WHAT TO WORK ON:
Copy the listing below letter for letter, passing over each picture.

INFORMATION SUPPLIED:

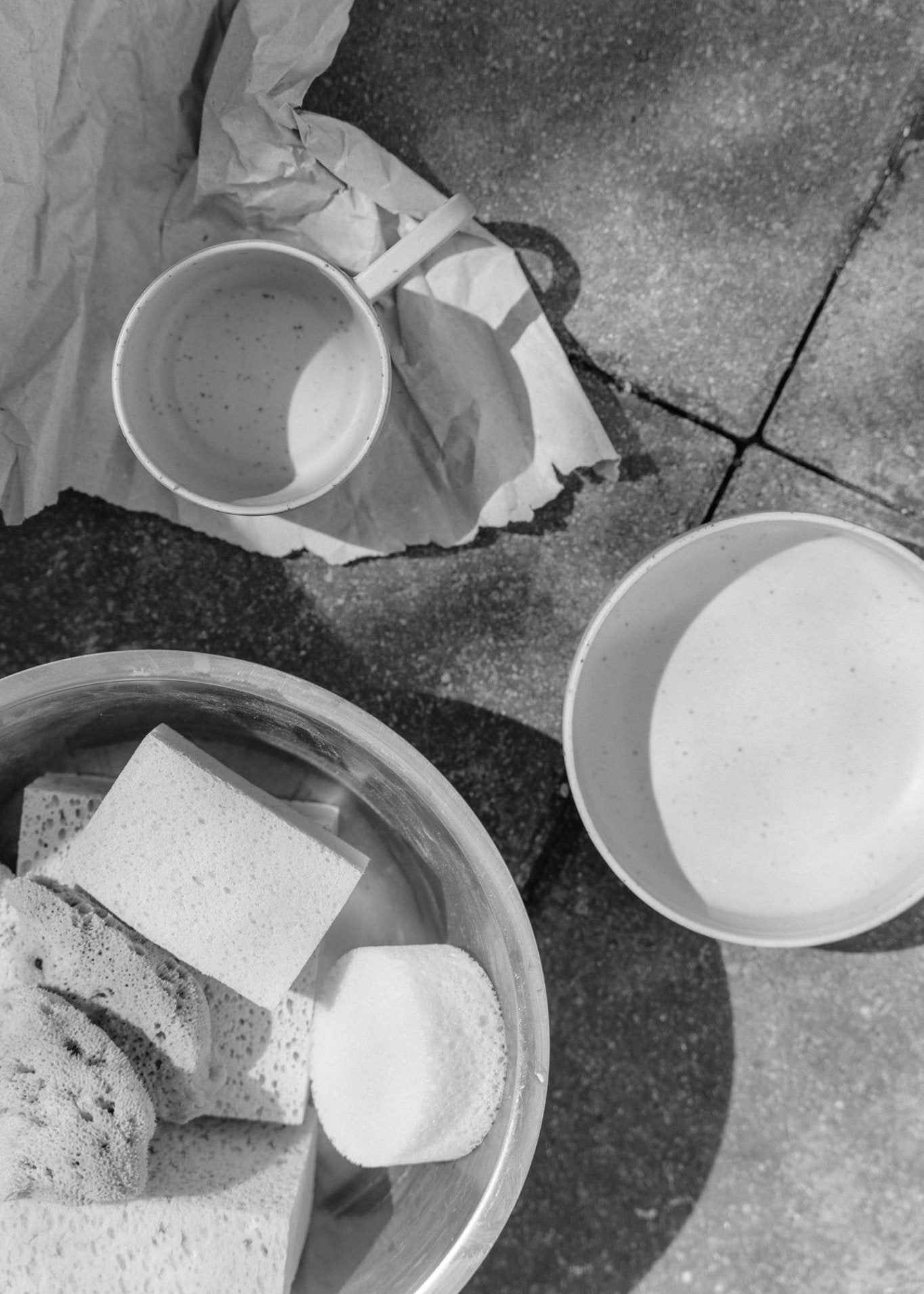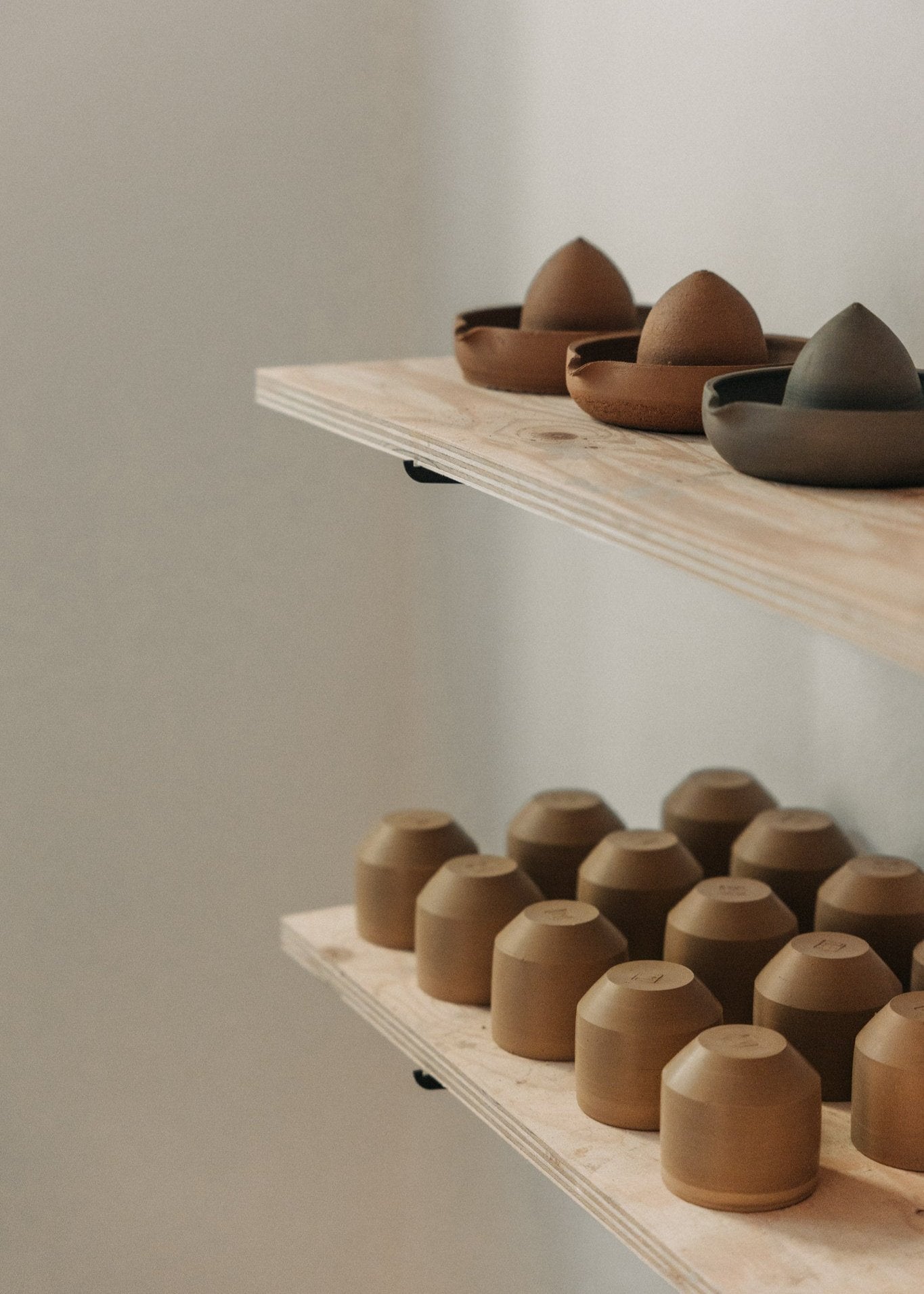 Nun erhält jedes Objekt seine Glasur. Die Stücke werden in die gewünschte Glasur getaucht und anschließend werden unglasierte Flächen sowie der Boden sorgfältig abgewischt. Dann, wenn der Scherben wieder vollständig getrocknet ist, folgt der Glasurbrand bei etwa 1200 bis 1260 Grad, bei dem die Glasur eine dauerhafte Oberfläche bildet und die Keramik ihre finale Stabilität erhält. Nach dem Abkühlen des Ofens, werden die Produkte herausgenommen, abschließend geschliffen und kontrolliert, sodass nur perfekt gearbeitete Stücke in den Verkauf gelangen.
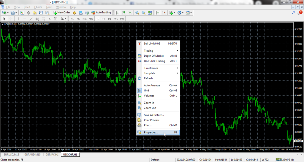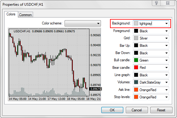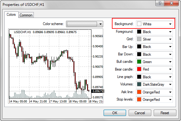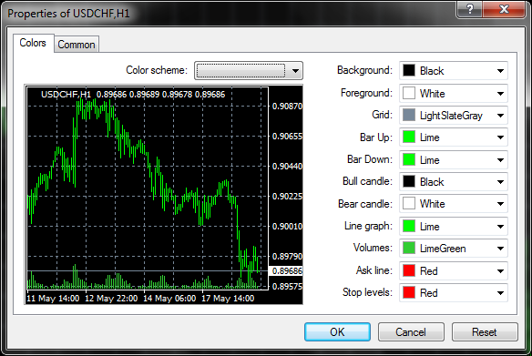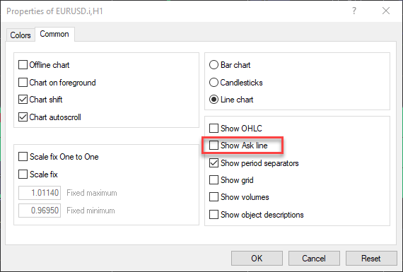 If for some reason the spread isn't visible - RIGHT CLICK in the market watch area and select the spread option. Should also enable the ASK LINE on the chart. Press F8 on the keyboard or follow the instructions about the COLOR SCHEME above. Once you're at the settings part of things - go to the COMMON tab and enable the ask line.
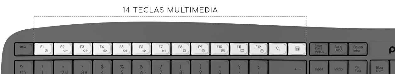 Access your computer's functions quickly with the 14 multimedia keys. Open email and the browser, turn the volume up and down, control media playback, open the calculator, and more. (Multimedia keys have been tested in Windows® 11, some of them may not work in older versions)
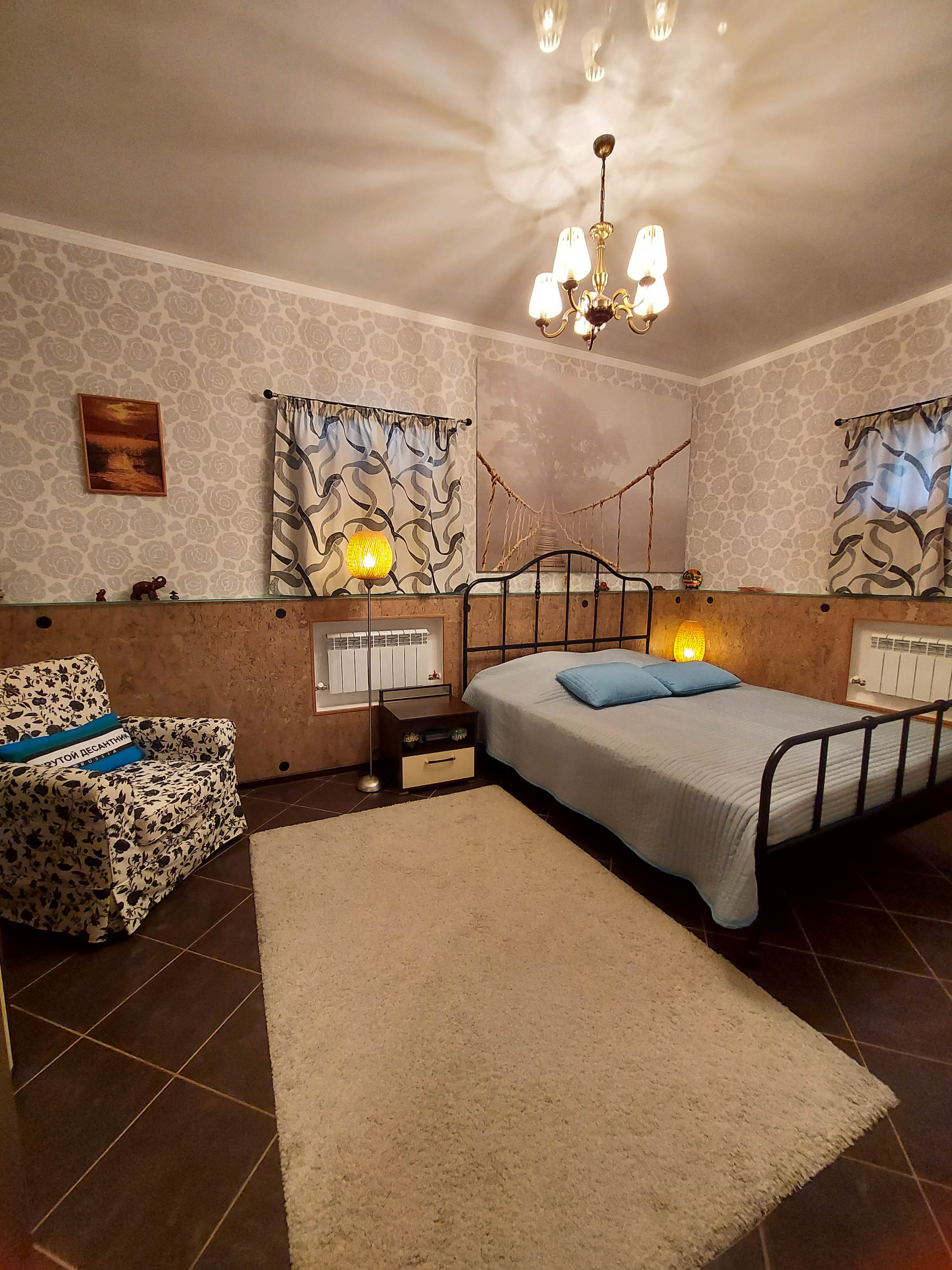 Этажом ниже: гостиная, спальня, гардеробная, ванная комната, подсобные помещения. В оформлении интерьера использованы натуральные материалы. В доме приятно и легко дышится.

RESULT OF THE EXERCISE:
 Nun erhält jedes Objekt seine Glasur. Die Stücke werden in die gewünschte Glasur getaucht und anschließend werden unglasierte Flächen sowie der Boden sorgfältig abgewischt. Dann, wenn der Scherben wieder vollständig getrocknet ist, folgt der Glasurbrand bei etwa 1200 bis 1260 Grad, bei dem die Glasur eine dauerhafte Oberfläche bildet und die Keramik ihre finale Stabilität erhält. Nach dem Abkühlen des Ofens, werden die Produkte herausgenommen, abschließend geschliffen und kontrolliert, sodass nur perfekt gearbeitete Stücke in den Verkauf gelangen.
 If for some reason the spread isn't visible - RIGHT CLICK in the market watch area and select the spread option. Should also enable the ASK LINE on the chart. Press F8 on the keyboard or follow the instructions about the COLOR SCHEME above. Once you're at the settings part of things - go to the COMMON tab and enable the ask line.
 Access your computer's functions quickly with the 14 multimedia keys. Open email and the browser, turn the volume up and down, control media playback, open the calculator, and more. (Multimedia keys have been tested in Windows® 11, some of them may not work in older versions)
 Этажом ниже: гостиная, спальня, гардеробная, ванная комната, подсобные помещения. В оформлении интерьера использованы натуральные материалы. В доме приятно и легко дышится.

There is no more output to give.